## Input records

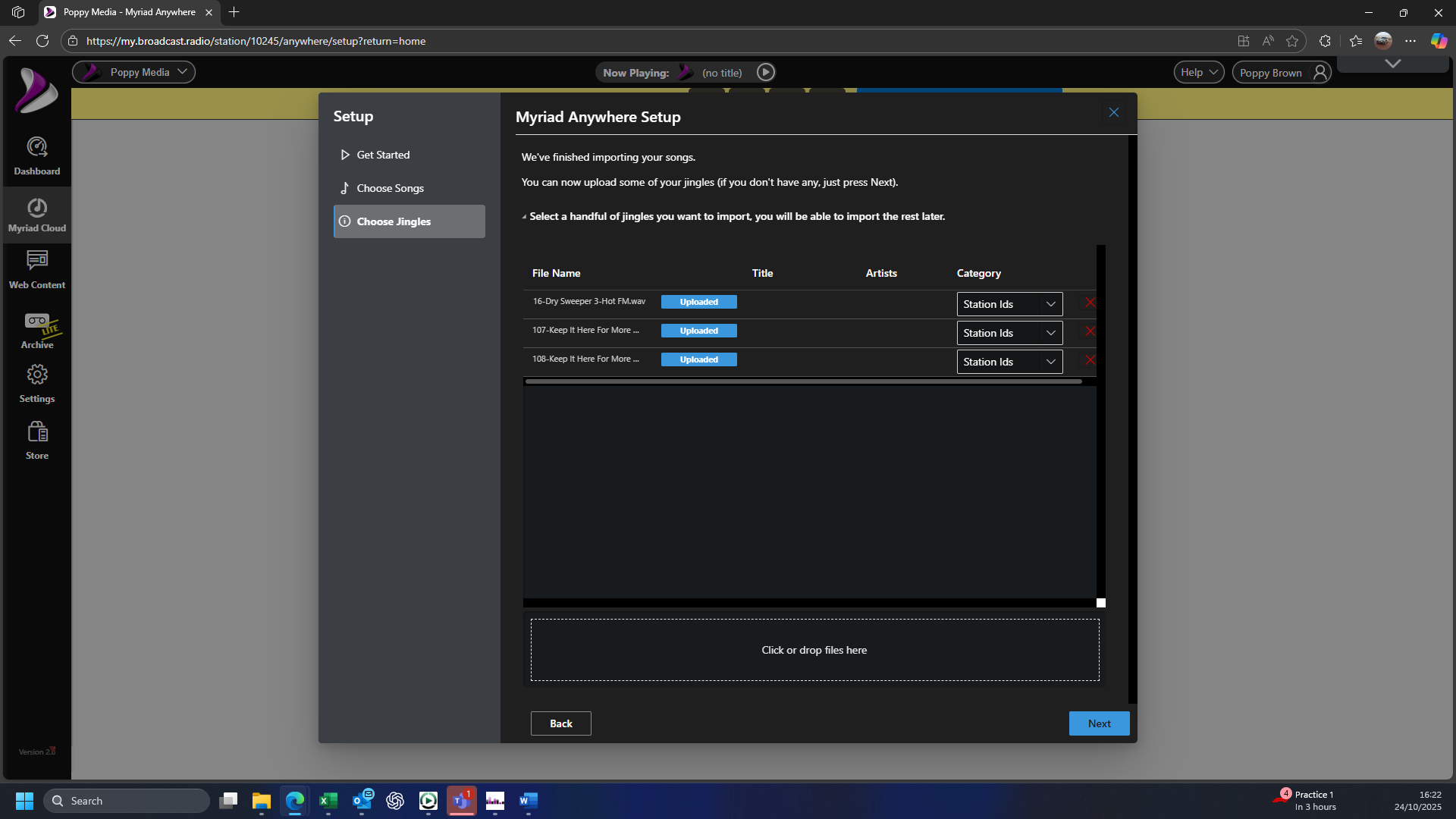 Once you have added a few Songs, click on the Next button. The files will take a few minutes to upload and import (depending on size and quantity.
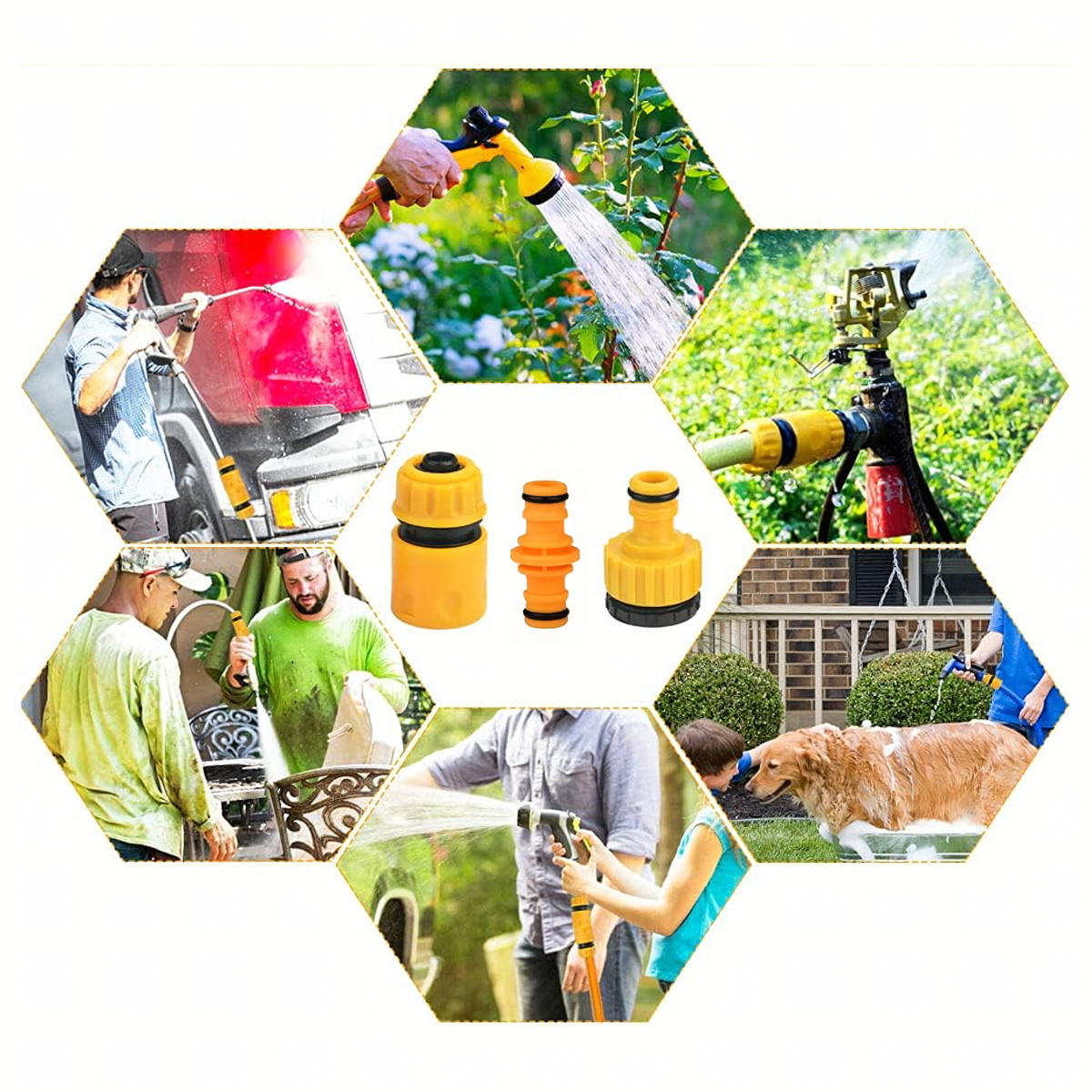 Šis rinkinys skirtas patogiam ir efektyviam sodo laistymui. Idealiai tinka 1/2 ir 3/4 colio žarnoms, užtikrinant lengvą ir greitą prijungimą prie krano.
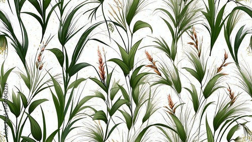 Flower Ornamental Grasses abstract seamless patt on white background
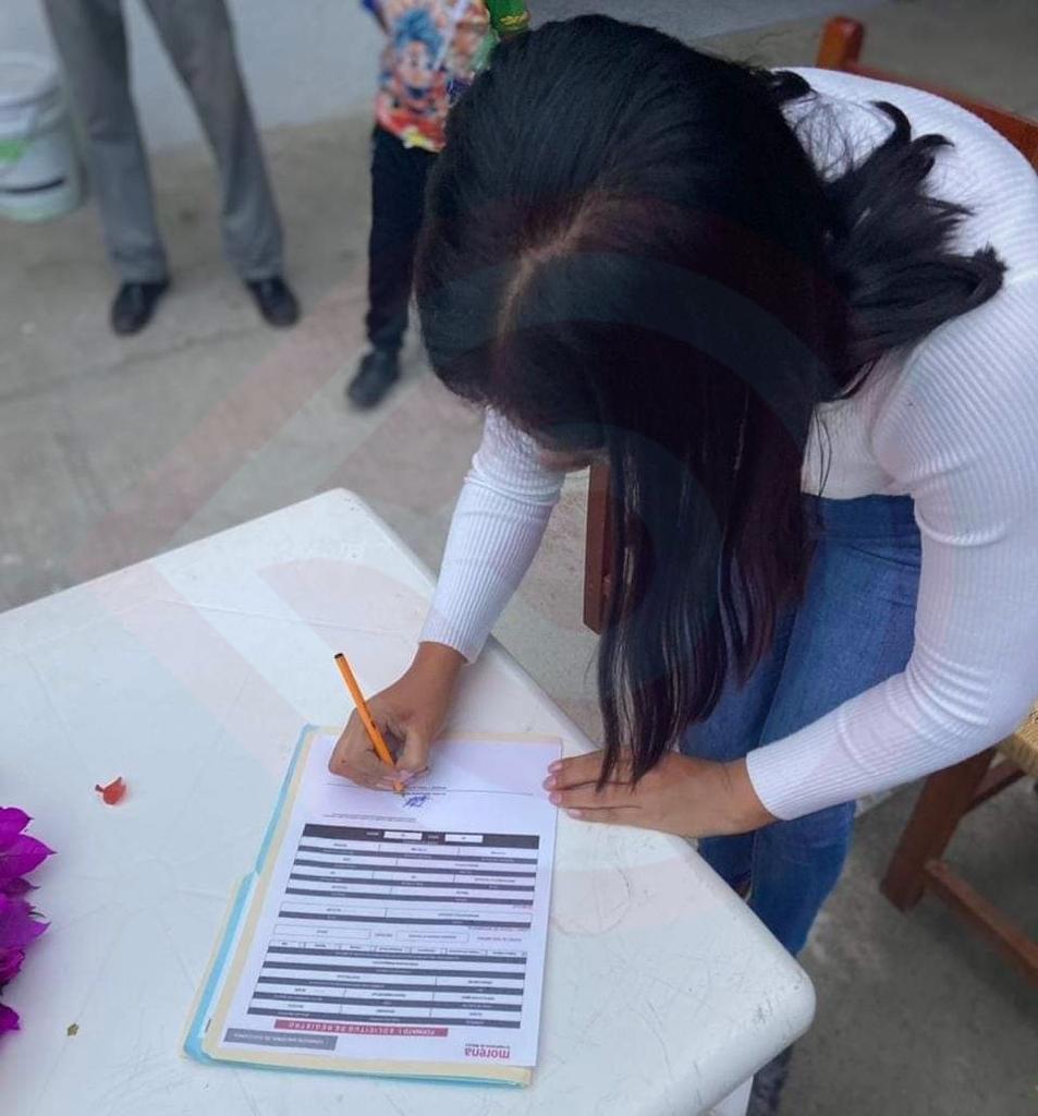 Yahualica, Hgo. – Alvara Hernández, joven mujer originaria de la comunidad de Magocuatitla de esta municipalidad, se registró al proceso interno de Morena, a fin de seguir trabajando en unidad con todos los yahualiquenses, por lo que una vez hecho su registro se le entregó su constancia.
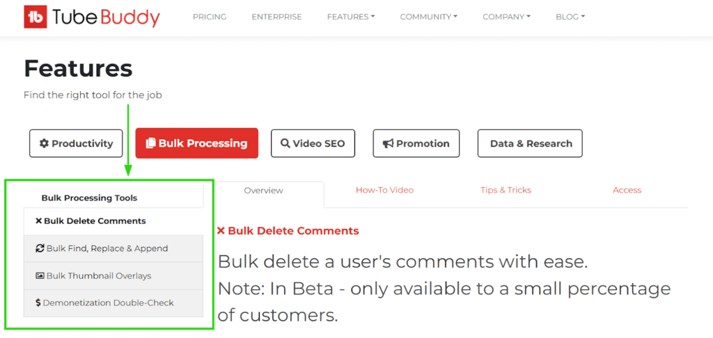 With features like Bulk Delete Comments and Bulk Find, Replace & Append, creators can make large-scale changes to their channel in just a few clicks.
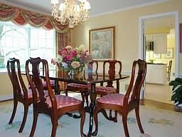 The main level offers a grand liv ing room with fireplace,formal dining room,family room with fireplace and french doors to a terrace and gardens and a sparkling new eat-in kitchen.A half levelup are three bedrooms and two full baths and another level up is a secluded master bedroom suite.
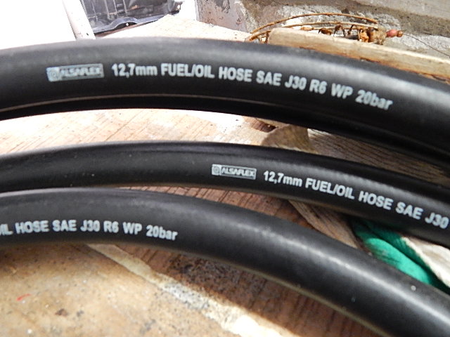 Купил такой рукав . 12,7mm FUEL/OIL HOSE SAE J 30 R 6 WP 20 bar "ALSAFLEX OIL" - рукава напорные резиновые с нитяным усилением предназначены для подачи под давлением топлива и масел на нефтяной основе, могут применяться для подачи антифриза и тосола в системах охлаждения. Работоспособны при температуре от -30 до +90С. Цвет - черный. Изготавливаются в соответствии с SAE J30.Рукав для нефтепродуктов 12,7 мм (20 бар)

## Task to carry out
Please quote exactly the run of lines that starts the entries and ends at the line containing "With features like", leaving out every picture.

## Reply
 Once you have added a few Songs, click on the Next button. The files will take a few minutes to upload and import (depending on size and quantity.
 Šis rinkinys skirtas patogiam ir efektyviam sodo laistymui. Idealiai tinka 1/2 ir 3/4 colio žarnoms, užtikrinant lengvą ir greitą prijungimą prie krano.
 Flower Ornamental Grasses abstract seamless patt on white background
 Yahualica, Hgo. – Alvara Hernández, joven mujer originaria de la comunidad de Magocuatitla de esta municipalidad, se registró al proceso interno de Morena, a fin de seguir trabajando en unidad con todos los yahualiquenses, por lo que una vez hecho su registro se le entregó su constancia.
 With features like Bulk Delete Comments and Bulk Find, Replace & Append, creators can make large-scale changes to their channel in just a few clicks.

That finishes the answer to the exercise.